At the end of March 2012, HV began System 44. R. 2557. Initially, SD “wasn’t
thrilled with the environment” because HV had problems with the computer system
and reported that his teacher, Ms. Krasowski, became angry with him, but by early
April HV told his mother that school was going well and that he was learning again.
Id. Nevertheless, on April 12, SD emailed Jayne Boulos to say that System 44 was
“a waste.” R. 1508. “Either the computer doesn’t work, the teacher is out sick, the
library door is locked, and on and on.” Id.

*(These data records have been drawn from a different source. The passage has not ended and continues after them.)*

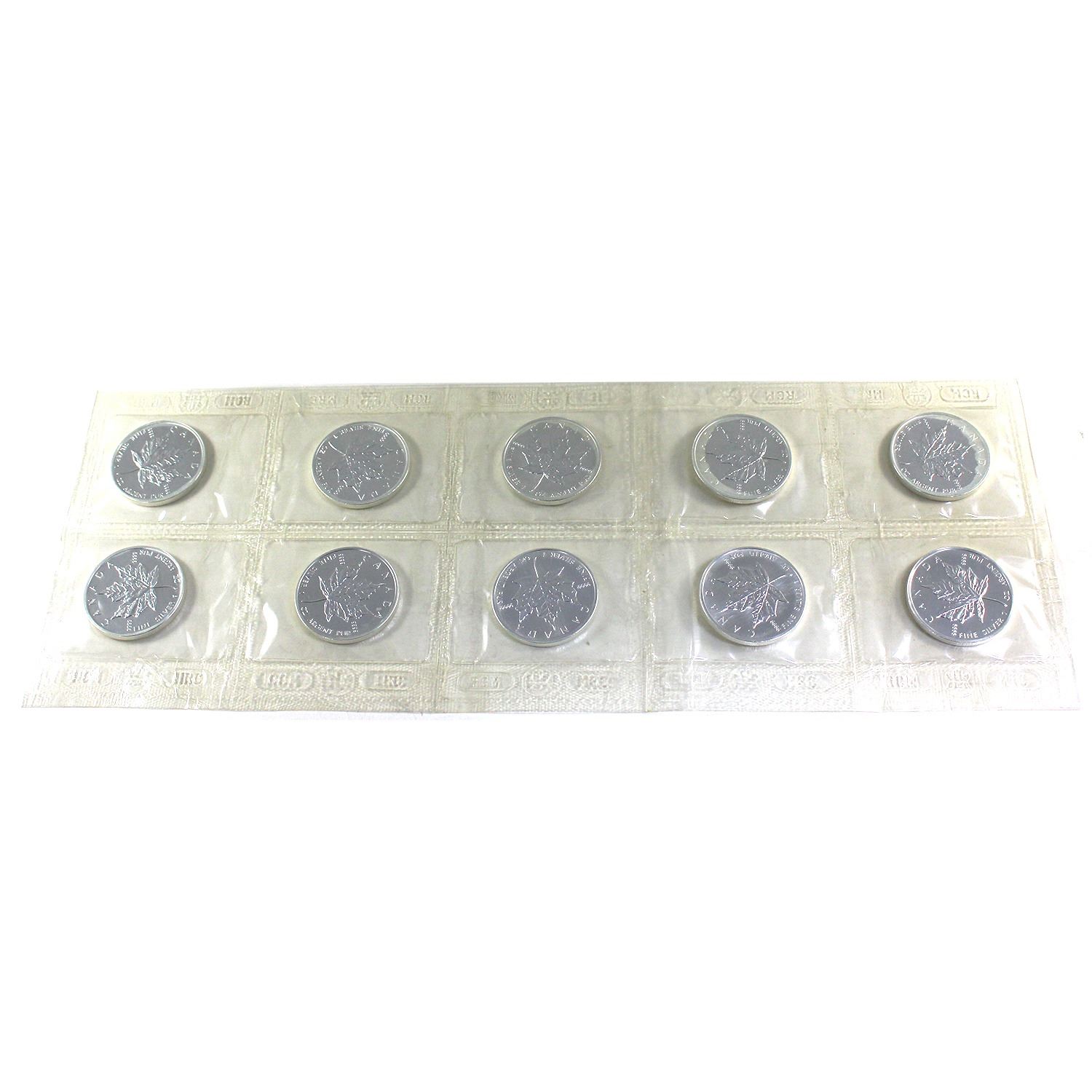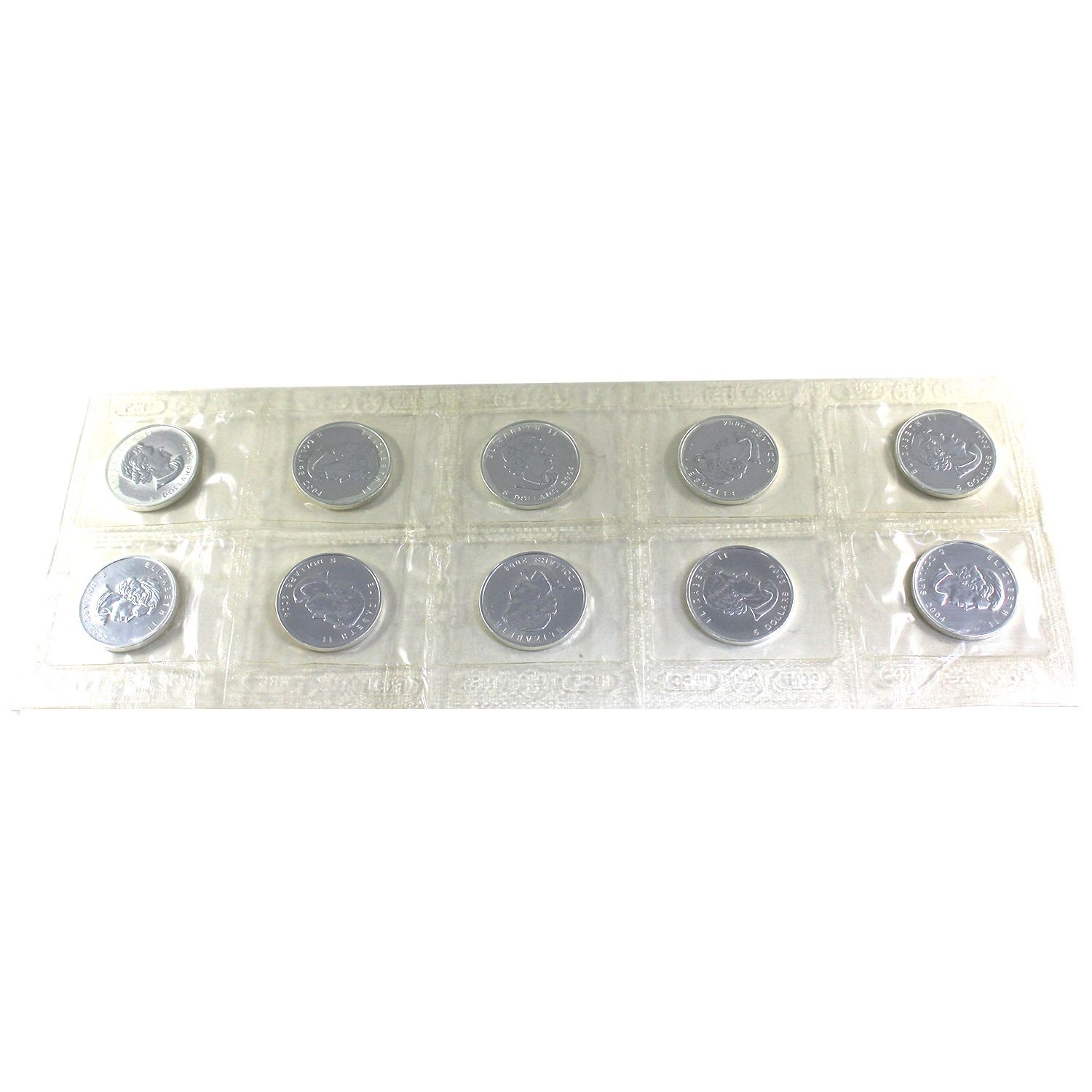 Sheet of 10x 1oz 2004 Canada $5 SML .9999 Silver Coins in Mint Plastic. Light frosted tones at edges. 10pcs. (Tax Exempt)
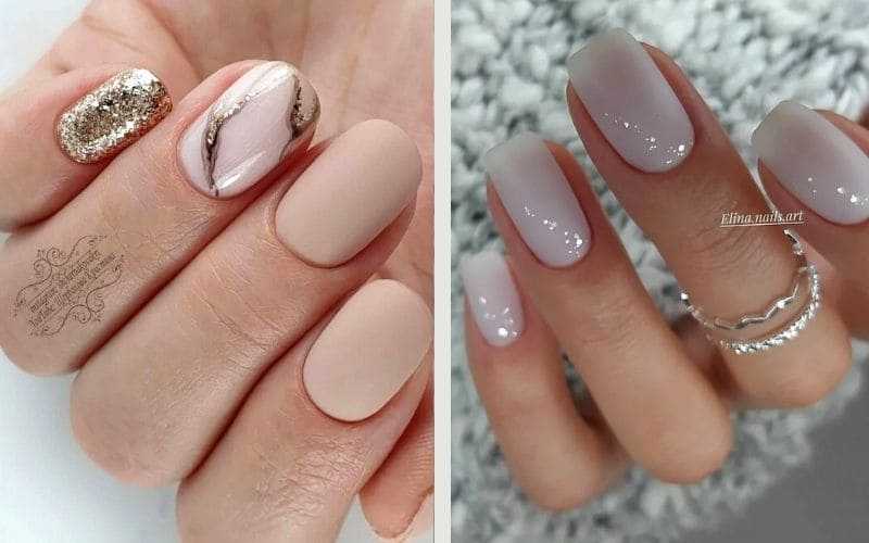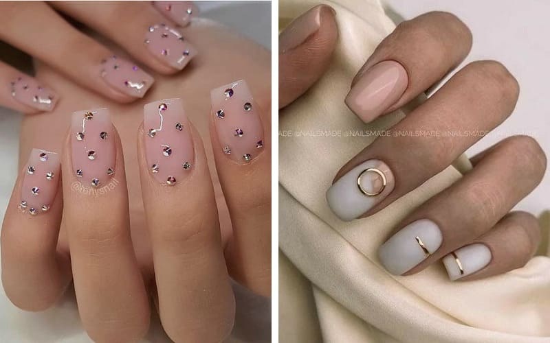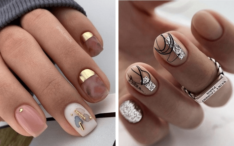 Минималистичные рисунки и вкрапления с серебром, золотом в сочетании с нюдом всегда универсальны. Они подходят как для носки в повседневной жизни, так и для создания вечерних образов.
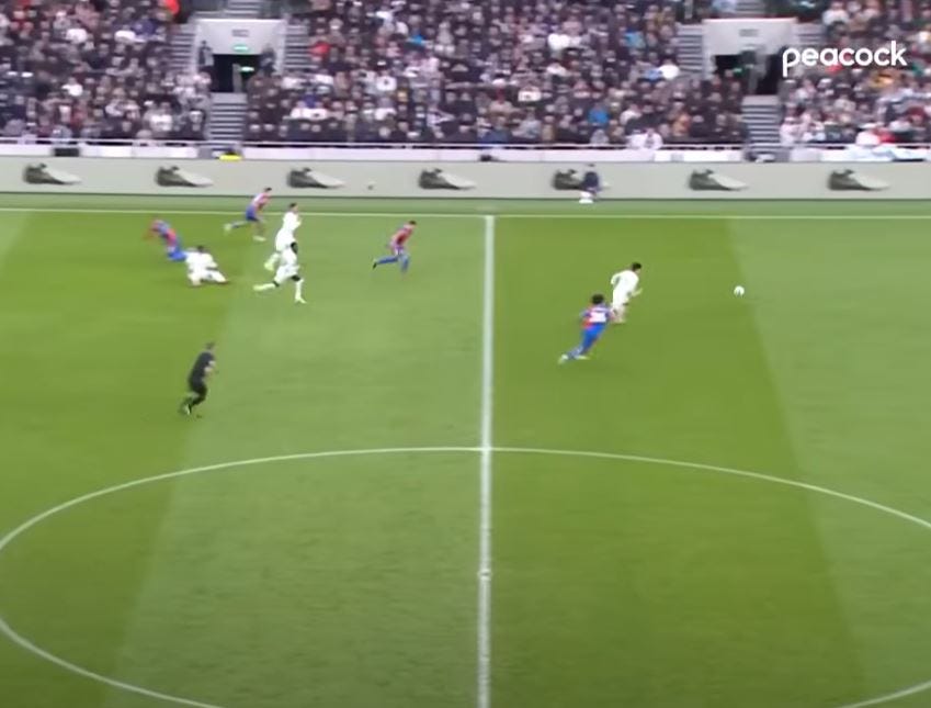 Let us now pause to praise our center half partnership of Romero and Mickey van de Ven. The former scored the go-ahead goal, and the latter initiated the sequence that iced the game. vdV, recently timed to be the fastest player in Premier League history, stepped up the stop a Palace attack, strode forward, and found Destiny Udogie at midfield. Johnson collected a loose ball and set Son away on a 1 v 1. With apologies to Timo, who played a good game—and showed why we should exercise our very affordable option to sign him permanently this summer—seeing Son on a breakaway is an entirely different experience. As soon as he got a step on his man, you knew our xG-exceeding captain would score, and score he did.
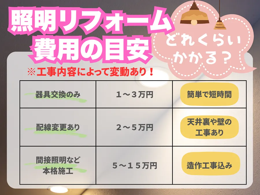 照明リフォームを検討するうえで、まず気になるのが費用の目安です。 一口に照明といっても、交換する機器の種類や設置場所、必要な工事内容によって金額は大きく異なります。
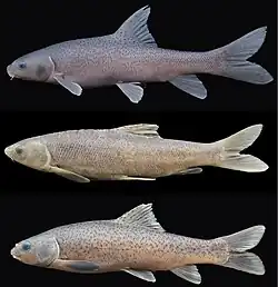 | Lateral view of some Paracapoeta species: From top, P. trutta; P. barroisi; P. erhani | |
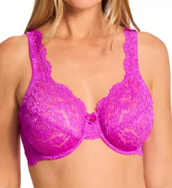 This sexy underwire bra features sheer floral embroidered lace cups and bow at center with faux jewel accent. Made of nylon/spandex.
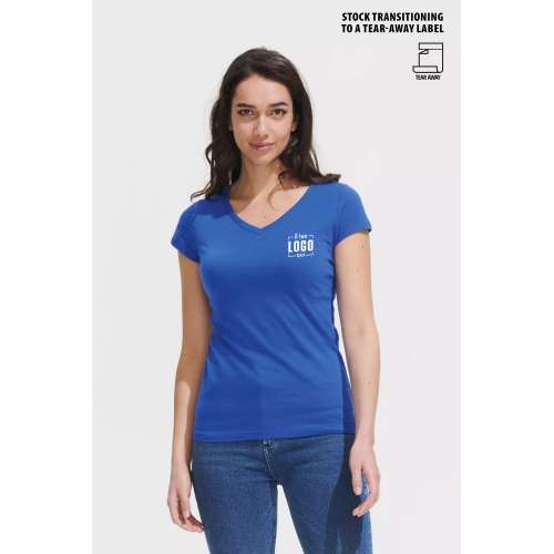 T-shirt femminile con scollo a V profondo, taglio sfiancato e maniche corte. Con bordo in costina ed elastan, nastro di rinforzo e cuciture sagomate. Perfetta per la moda casual e chic.
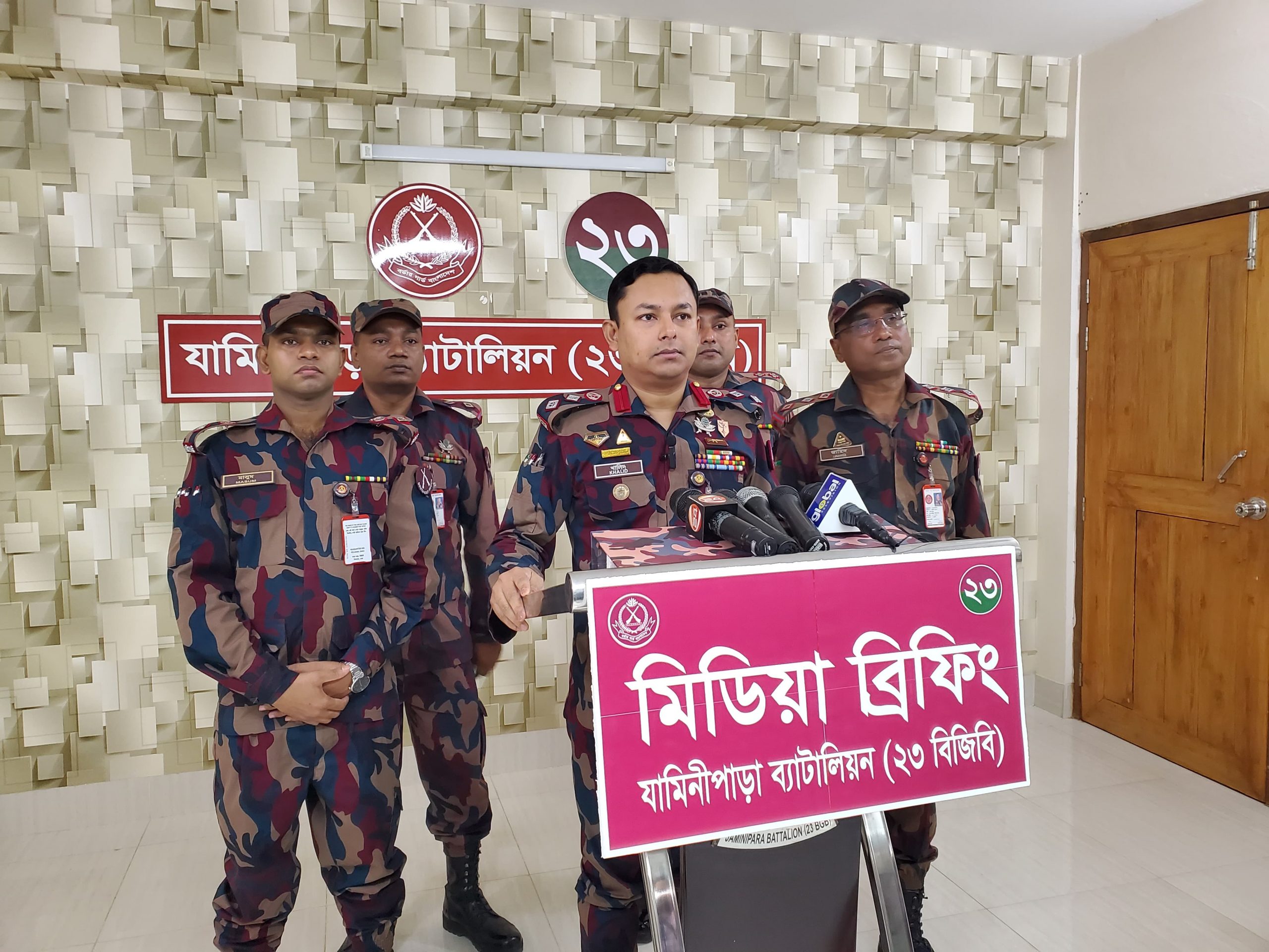 এসময় যামিনীপাড়া ব্যাটালিয়নের উপঅধিনায়ক (২৩ বিজিবি) মেজর মাসুম রানা প্রমুখ উপস্থিত ছিলেন।

In late April 2012, SD hired Christopher Kaufman, Ph.D., a licensed
psychologist and certified school psychologist, to perform an initial consultation and
diagnostic interview of HV, as well as to review HV’s previous testing and to attend
IEP meetings on May 16 and 30. R. 2558. Kaufman observed that HV had difficulty
holding onto the progress he had made in his reading instruction, and assumed that
his problems were with working memory or long-term memory. Id. Kaufman felt
that it was very unusual for a student to regress in the Wilson program from level 7
to level 2.5, and assumed that this was due to HV’s memory problems.2 R. 2594. He
I note that there is a minor discrepancy between the testimony of Maryanne Scally, who testified
that HV was at Wilson level 2 at the beginning of the sixth grade, see R. 2808, and Christopher
Kaufman, who testified that HV was at “level 2 or 2.5.” R. 2594. This discrepancy is not significant
enough to affect my analysis, however.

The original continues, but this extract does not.